**ABOUT THIS EXERCISE:**
Should the entries contain pictures, leave them out and return exactly the lines from the first through the line holding "- Beautiful Neutral".
───── SOURCE INFORMATION
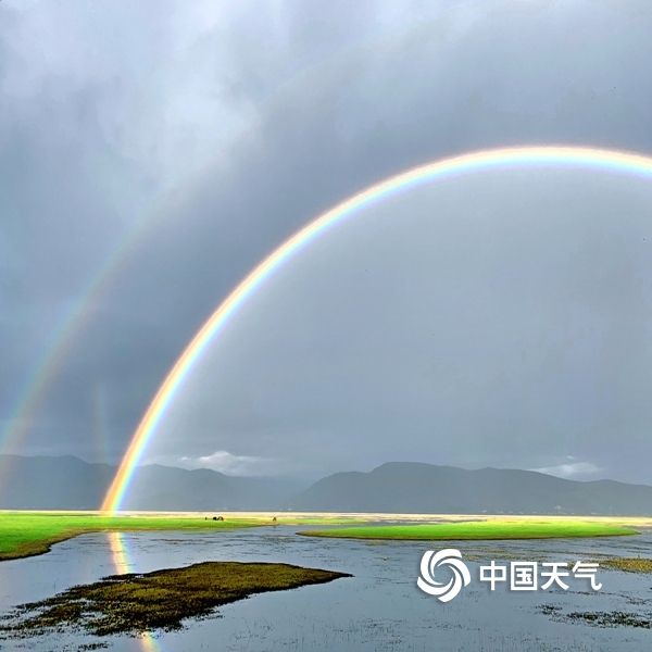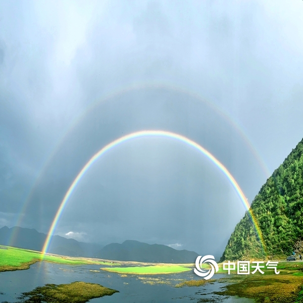 2019年07月03日 15:06中国天气网讯 7月2日傍晚,香格里拉纳帕海上空出现精彩的“双彩虹”现象,伴着淅沥沥的小雨,景色动人,引起过往游客驻足观看。图为稍纵即逝的双彩虹。摄/李安琪 文/孙娅蕾
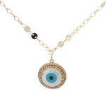 Collier doré médaille avec oeil en nacre et zircons 50 cm
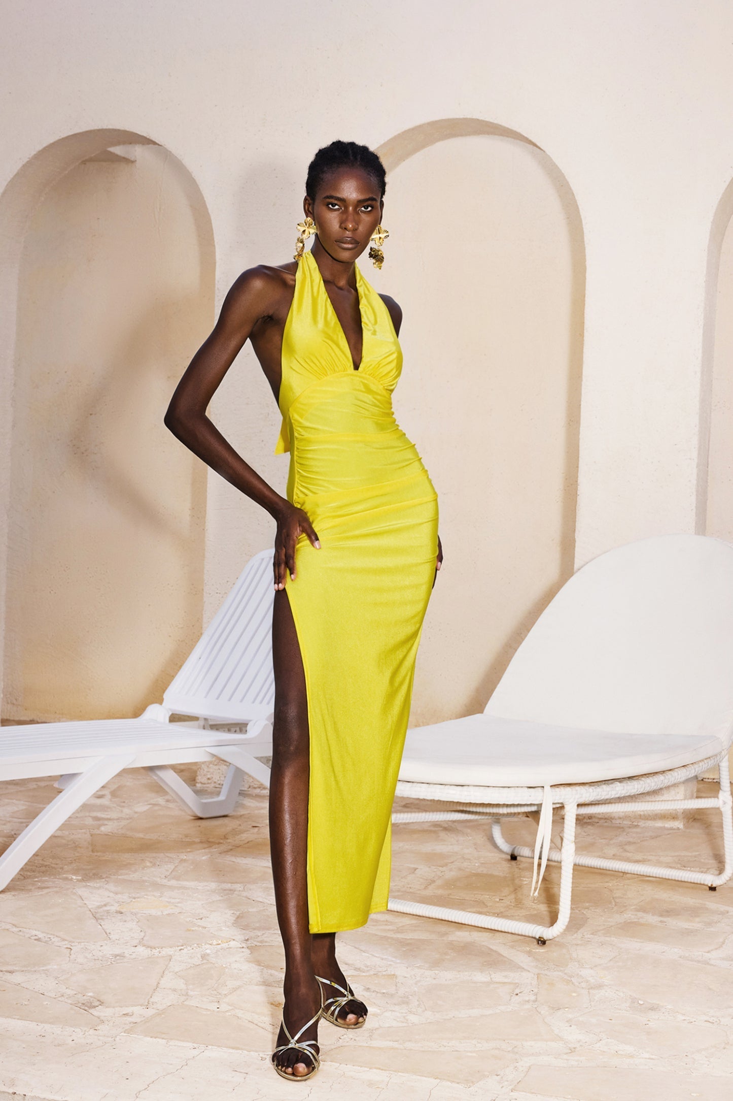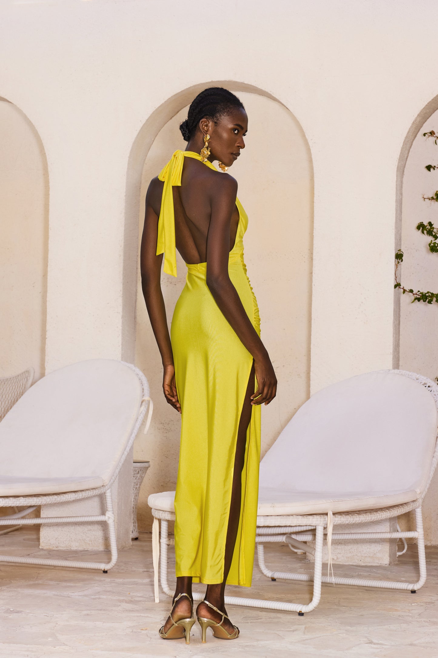 "Tiana" Halter Yaka V Kesim Kolsuz Uzun Elbise, gardırobunuzda özel bir yere sahip olacak. Ürün, çarpıcı V yaka kesimi ve zarif halter boyun tasarımı ile dikkat çekerken, özel üretim kumaşı sayesinde tüm gece rahatlık sunar. Vücudu kusursuz şekilde sararak zarif bir siluet çizen bu elbise, yumuşak ve esnek kumaşı ile hareket özgürlüğü sağlar.
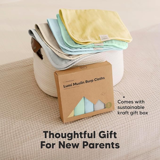 - Beautiful Neutral Palettes - The Lumi Muslin Burp Cloths are designed with gender neutral palettes for baby boys and girls. It is the perfect baby shower gift and baby registry gift for new parents. Comes with sustainable kraft gift box.
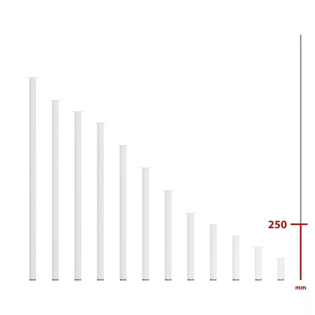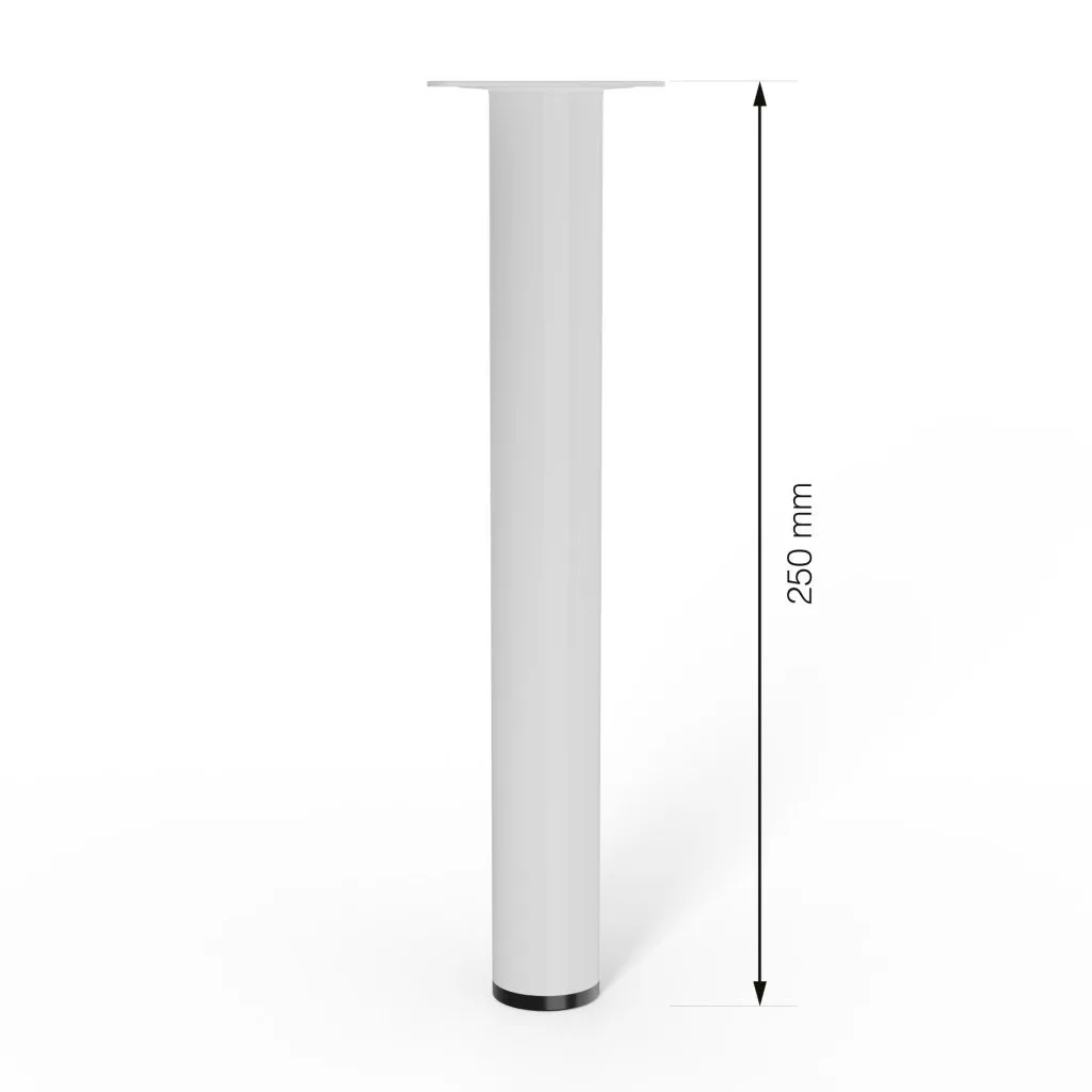 Kerek bútorláb, 250 mm magas, fehér színben, stílusos dizájndarabpá varázsolja bútorát. Méret: 60x60mm.
──────────
**SOLUTION TO THIS TASK:**
 2019年07月03日 15:06中国天气网讯 7月2日傍晚,香格里拉纳帕海上空出现精彩的“双彩虹”现象,伴着淅沥沥的小雨,景色动人,引起过往游客驻足观看。图为稍纵即逝的双彩虹。摄/李安琪 文/孙娅蕾
 Collier doré médaille avec oeil en nacre et zircons 50 cm
 "Tiana" Halter Yaka V Kesim Kolsuz Uzun Elbise, gardırobunuzda özel bir yere sahip olacak. Ürün, çarpıcı V yaka kesimi ve zarif halter boyun tasarımı ile dikkat çekerken, özel üretim kumaşı sayesinde tüm gece rahatlık sunar. Vücudu kusursuz şekilde sararak zarif bir siluet çizen bu elbise, yumuşak ve esnek kumaşı ile hareket özgürlüğü sağlar.
 - Beautiful Neutral Palettes - The Lumi Muslin Burp Cloths are designed with gender neutral palettes for baby boys and girls. It is the perfect baby shower gift and baby registry gift for new parents. Comes with sustainable kraft gift box.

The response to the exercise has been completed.